**Input records:**

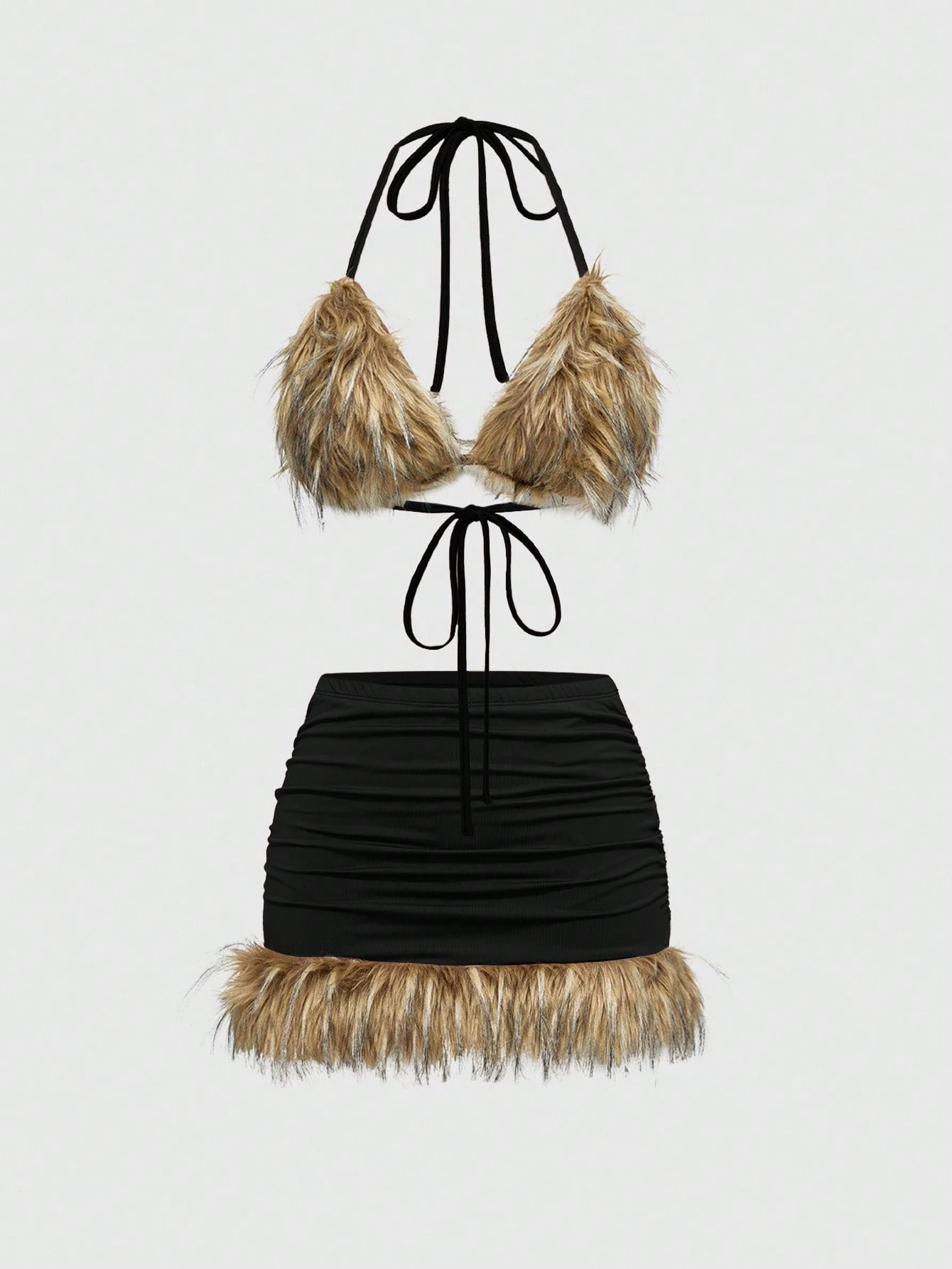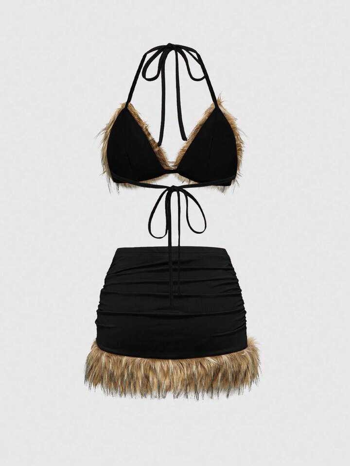 ROMWE Avant Ensemble 2 pièces femme taille basse avec Top triangle moelleux et style hippie chic
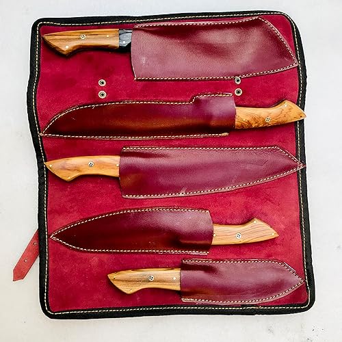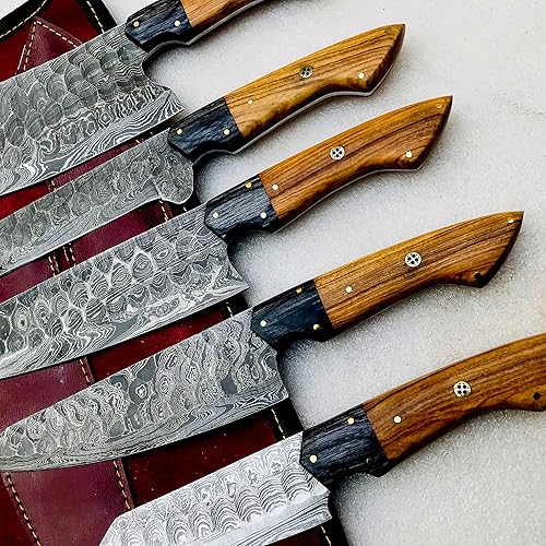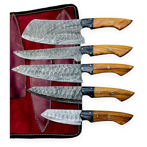 MDM Handmade Damascus Steel Kitchen Knife Set of 5pcs With sheath Chef knife set Chef Knives set Kitchen Gadgets Handmade Kitchen Gifts Viking Kitchen Knife For Men, Mothers day gifts for friend
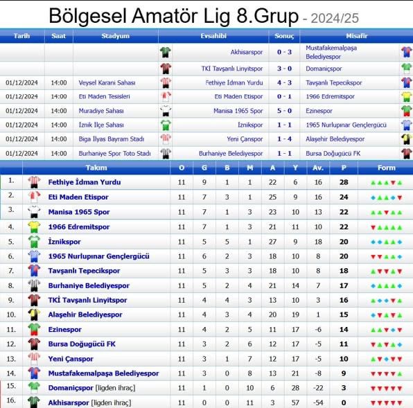 Hafta arasında kendi sahasında ikinci sıradaki Eti Maden Etispor ile golsüz berabere kalan Ezinespor ise ligden ihraç edilen Akhisarspor ile karşılaşacağı için haftayı maç yapmadan geçirecek.
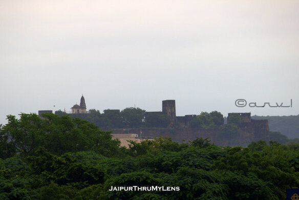 While one is seated, it is hard to ignore the beautiful view of the Moti Dungari Fort.
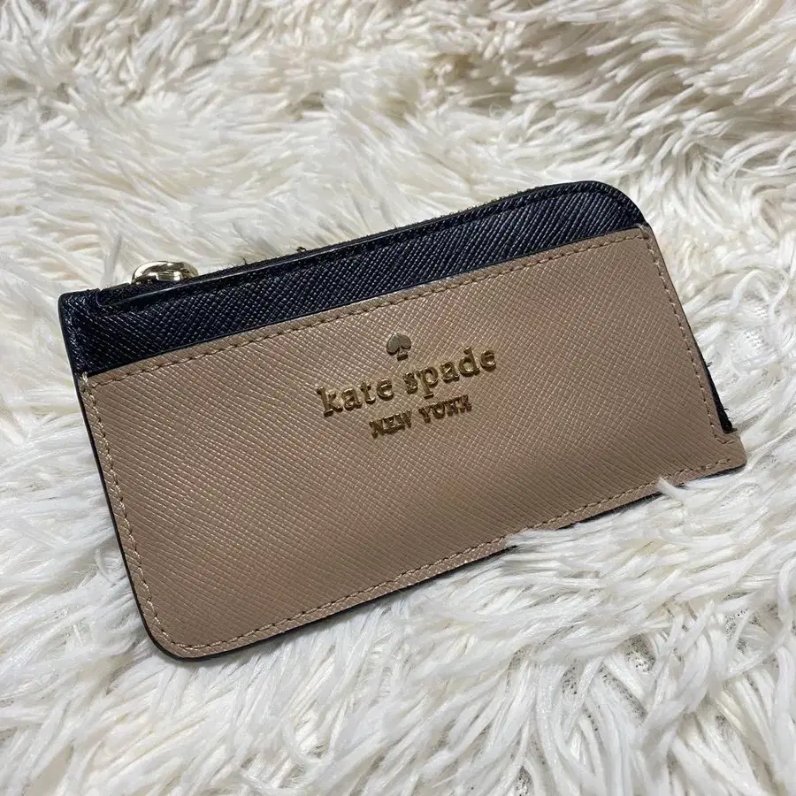 합성 피혁 소재의 핑크와 블랙 카드 케이스, 카드 포켓 4개와 지퍼 포함. 사진보다 약간 더 핑크빛을 띱니다. - 브랜드: kate spade - 색상: 베이지/블랙 - 소재: 합성 피혁 - 포켓 수: 카드 포켓 4개 - 지퍼: 있음 약 4년 전에 새 상품으로 구매했습니다. 약 1년 전부터 사용하지 않아 옷장에 보관 중이었습니다. 비교적 눈에 띄는 흠집이나 얼룩 등은 없지만, 중고품이라는 점을 이해하신 후 구매 부탁드립니다. 평가 이후의 반품 및 교환 등은 대응이 어렵습니다.
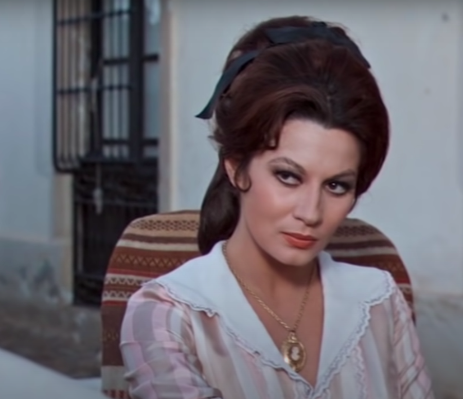 Rosalba Neri (b. 1939) was prolific in her own country and not only appeared in spaghetti westerns but also EuroSpy films and giallo erotic horror films. She also can be seen in El Cid (1961).
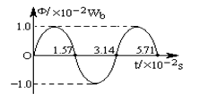 一小型发电机内的矩形线圈,在匀强磁场中以恒定的角速度ω绕垂直于磁场方向的固定轴转动,线圈匝数n=100,穿过每匝线圈的磁通Φ 随时间t按正弦规律变化,如图14所示.发电机内阻r=5.0Ω,外电路电阻R=95Ω.已知感应电动势的最大值Em=nωΦm,其中Φm为穿过每匝线圈的磁通量的最大值.则:
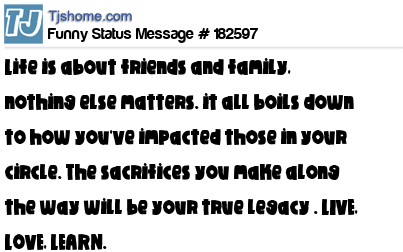 X Life is about friends and family, nothing else matters. it all boils down to how you've impacted those in your circle. The sacrifices you make along the way will be your true legacy . LIVE, LOVE, LEARN.
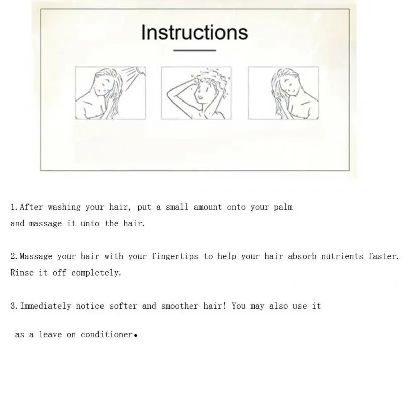 Способ использования: после мытья волос нанесите этот продукт на волосы. Не прикасайтесь к коже головы. Массируйте волосы кончиками пальцев, чтобы помочь волосам быстрее впитывать питательные вещества. Вы обнаружите, что ваши волосы становятся мягкими и гладкими мгновенно! Рекомендуется массировать в течение 2-5 минут, что позволит достичь наилучших результатов!
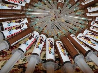 وتُظهر الصور، التي تم تداولها على نطاق واسع، مجموعة من الحقن مملوءة بمسحوق شوكولاته، وعليها العلامة التجارية الخاصة بماركة “نوتيلا”.

**Requirement:**
Taking the entries above, copy word for word the lines from the one with "Hafta arasında kendi" up to and including the one with "While one is", without any picture.

**Answer for the task:**
 Hafta arasında kendi sahasında ikinci sıradaki Eti Maden Etispor ile golsüz berabere kalan Ezinespor ise ligden ihraç edilen Akhisarspor ile karşılaşacağı için haftayı maç yapmadan geçirecek.
 While one is seated, it is hard to ignore the beautiful view of the Moti Dungari Fort.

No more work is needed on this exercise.